• **Provided entries**:

▽

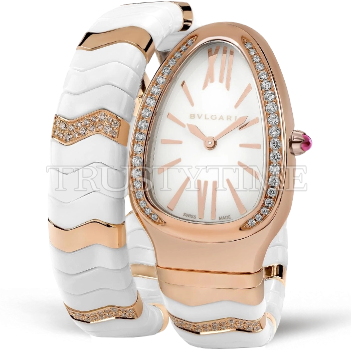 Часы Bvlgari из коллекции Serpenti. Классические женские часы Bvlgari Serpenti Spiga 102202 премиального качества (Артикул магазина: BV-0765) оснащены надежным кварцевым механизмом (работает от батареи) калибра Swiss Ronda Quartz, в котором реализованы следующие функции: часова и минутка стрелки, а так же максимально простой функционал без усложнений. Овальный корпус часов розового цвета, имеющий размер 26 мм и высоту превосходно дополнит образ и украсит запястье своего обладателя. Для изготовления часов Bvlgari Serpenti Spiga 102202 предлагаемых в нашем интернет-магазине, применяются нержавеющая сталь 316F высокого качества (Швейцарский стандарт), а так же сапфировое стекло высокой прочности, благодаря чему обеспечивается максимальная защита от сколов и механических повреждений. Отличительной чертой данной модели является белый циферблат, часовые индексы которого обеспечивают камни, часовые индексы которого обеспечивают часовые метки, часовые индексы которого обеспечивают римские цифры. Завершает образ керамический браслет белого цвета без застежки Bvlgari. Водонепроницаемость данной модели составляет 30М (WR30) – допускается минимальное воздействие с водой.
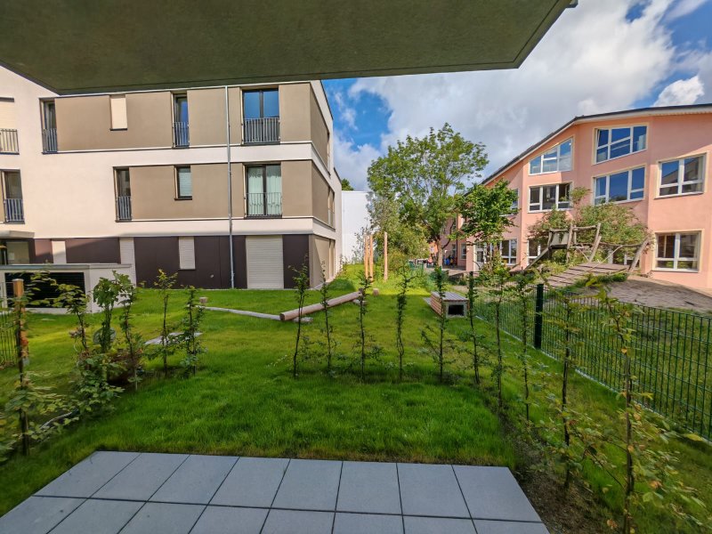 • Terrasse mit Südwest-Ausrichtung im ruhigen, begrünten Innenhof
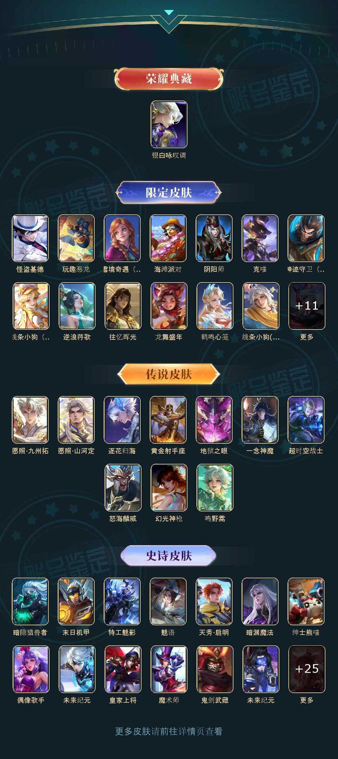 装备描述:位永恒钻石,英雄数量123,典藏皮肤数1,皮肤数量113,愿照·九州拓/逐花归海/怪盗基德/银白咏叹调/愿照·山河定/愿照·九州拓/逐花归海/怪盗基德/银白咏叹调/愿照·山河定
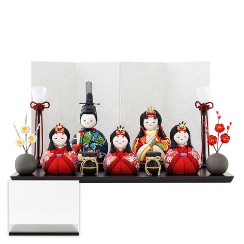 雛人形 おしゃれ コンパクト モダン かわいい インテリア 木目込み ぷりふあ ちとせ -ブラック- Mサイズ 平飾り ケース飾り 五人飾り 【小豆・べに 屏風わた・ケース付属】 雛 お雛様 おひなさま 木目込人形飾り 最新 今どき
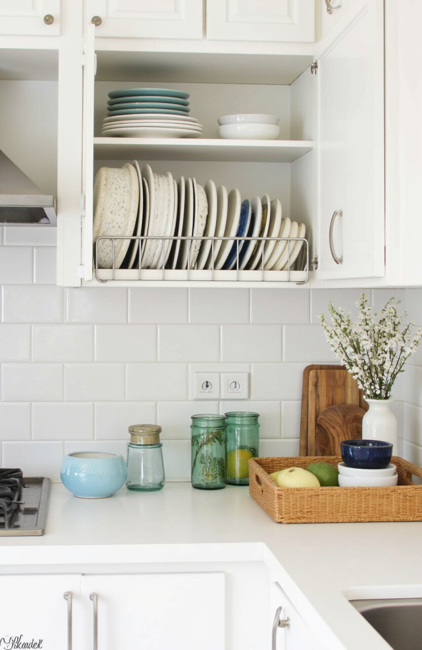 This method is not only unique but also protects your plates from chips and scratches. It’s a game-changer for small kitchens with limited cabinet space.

△
▽

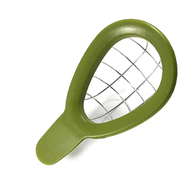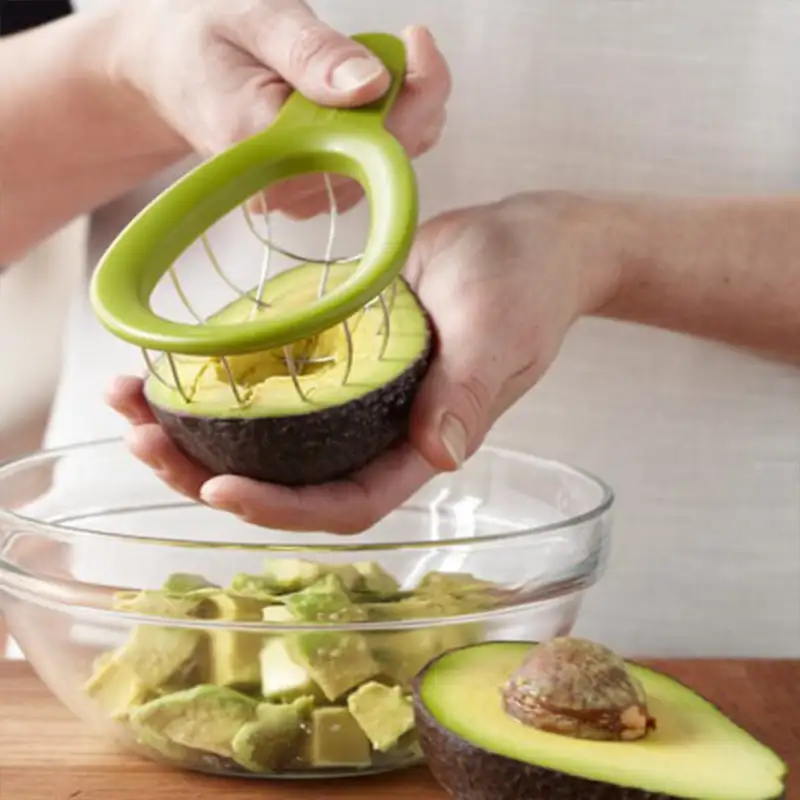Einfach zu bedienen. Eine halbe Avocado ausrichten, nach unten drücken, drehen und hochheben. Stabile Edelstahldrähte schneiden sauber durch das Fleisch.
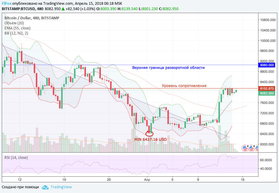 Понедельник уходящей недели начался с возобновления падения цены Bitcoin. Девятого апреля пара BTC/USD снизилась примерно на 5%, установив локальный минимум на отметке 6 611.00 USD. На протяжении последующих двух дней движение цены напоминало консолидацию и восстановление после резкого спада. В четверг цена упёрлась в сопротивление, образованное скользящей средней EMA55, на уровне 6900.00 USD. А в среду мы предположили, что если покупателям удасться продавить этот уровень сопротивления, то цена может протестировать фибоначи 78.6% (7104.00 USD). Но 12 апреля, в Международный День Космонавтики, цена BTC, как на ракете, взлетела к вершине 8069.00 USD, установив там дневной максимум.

△
▽

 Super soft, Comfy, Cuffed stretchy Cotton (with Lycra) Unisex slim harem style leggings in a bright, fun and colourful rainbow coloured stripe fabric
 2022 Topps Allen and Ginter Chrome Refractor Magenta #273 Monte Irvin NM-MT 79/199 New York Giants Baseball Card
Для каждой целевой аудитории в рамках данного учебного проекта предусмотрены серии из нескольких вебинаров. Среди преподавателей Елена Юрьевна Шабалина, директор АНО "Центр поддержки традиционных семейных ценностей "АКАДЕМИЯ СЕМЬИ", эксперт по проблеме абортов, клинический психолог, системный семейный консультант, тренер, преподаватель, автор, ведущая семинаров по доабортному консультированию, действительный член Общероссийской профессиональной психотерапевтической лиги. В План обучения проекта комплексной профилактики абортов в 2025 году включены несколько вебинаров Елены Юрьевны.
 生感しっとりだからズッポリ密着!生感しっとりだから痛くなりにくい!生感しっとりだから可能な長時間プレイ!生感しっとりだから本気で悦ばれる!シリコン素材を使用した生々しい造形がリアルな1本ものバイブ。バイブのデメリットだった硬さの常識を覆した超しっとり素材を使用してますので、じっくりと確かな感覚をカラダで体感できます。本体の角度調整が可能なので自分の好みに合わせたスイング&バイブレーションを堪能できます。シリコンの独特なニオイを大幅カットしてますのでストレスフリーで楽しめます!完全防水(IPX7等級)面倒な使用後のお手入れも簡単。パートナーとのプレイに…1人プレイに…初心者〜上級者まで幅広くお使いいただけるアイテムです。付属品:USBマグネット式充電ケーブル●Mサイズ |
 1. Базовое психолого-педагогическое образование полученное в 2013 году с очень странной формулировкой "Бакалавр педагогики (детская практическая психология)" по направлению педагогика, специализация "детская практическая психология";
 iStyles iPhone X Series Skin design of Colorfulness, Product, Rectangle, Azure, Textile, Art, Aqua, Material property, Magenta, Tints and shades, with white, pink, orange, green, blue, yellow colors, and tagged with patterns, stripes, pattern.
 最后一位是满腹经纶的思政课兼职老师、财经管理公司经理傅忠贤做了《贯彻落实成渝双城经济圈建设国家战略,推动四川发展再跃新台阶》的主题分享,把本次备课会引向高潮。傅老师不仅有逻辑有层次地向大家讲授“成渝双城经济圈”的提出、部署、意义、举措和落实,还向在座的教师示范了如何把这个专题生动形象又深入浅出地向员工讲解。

△

• **Problem to solve**:
Your answer should be the lines above from the one containing "Для каждой целевой" through the one containing "生感しっとりだからズッポリ密", copied exactly and with both ends kept.

• **Task response**:
Для каждой целевой аудитории в рамках данного учебного проекта предусмотрены серии из нескольких вебинаров. Среди преподавателей Елена Юрьевна Шабалина, директор АНО "Центр поддержки традиционных семейных ценностей "АКАДЕМИЯ СЕМЬИ", эксперт по проблеме абортов, клинический психолог, системный семейный консультант, тренер, преподаватель, автор, ведущая семинаров по доабортному консультированию, действительный член Общероссийской профессиональной психотерапевтической лиги. В План обучения проекта комплексной профилактики абортов в 2025 году включены несколько вебинаров Елены Юрьевны.
 生感しっとりだからズッポリ密着!生感しっとりだから痛くなりにくい!生感しっとりだから可能な長時間プレイ!生感しっとりだから本気で悦ばれる!シリコン素材を使用した生々しい造形がリアルな1本ものバイブ。バイブのデメリットだった硬さの常識を覆した超しっとり素材を使用してますので、じっくりと確かな感覚をカラダで体感できます。本体の角度調整が可能なので自分の好みに合わせたスイング&バイブレーションを堪能できます。シリコンの独特なニオイを大幅カットしてますのでストレスフリーで楽しめます!完全防水(IPX7等級)面倒な使用後のお手入れも簡単。パートナーとのプレイに…1人プレイに…初心者〜上級者まで幅広くお使いいただけるアイテムです。付属品:USBマグネット式充電ケーブル●Mサイズ |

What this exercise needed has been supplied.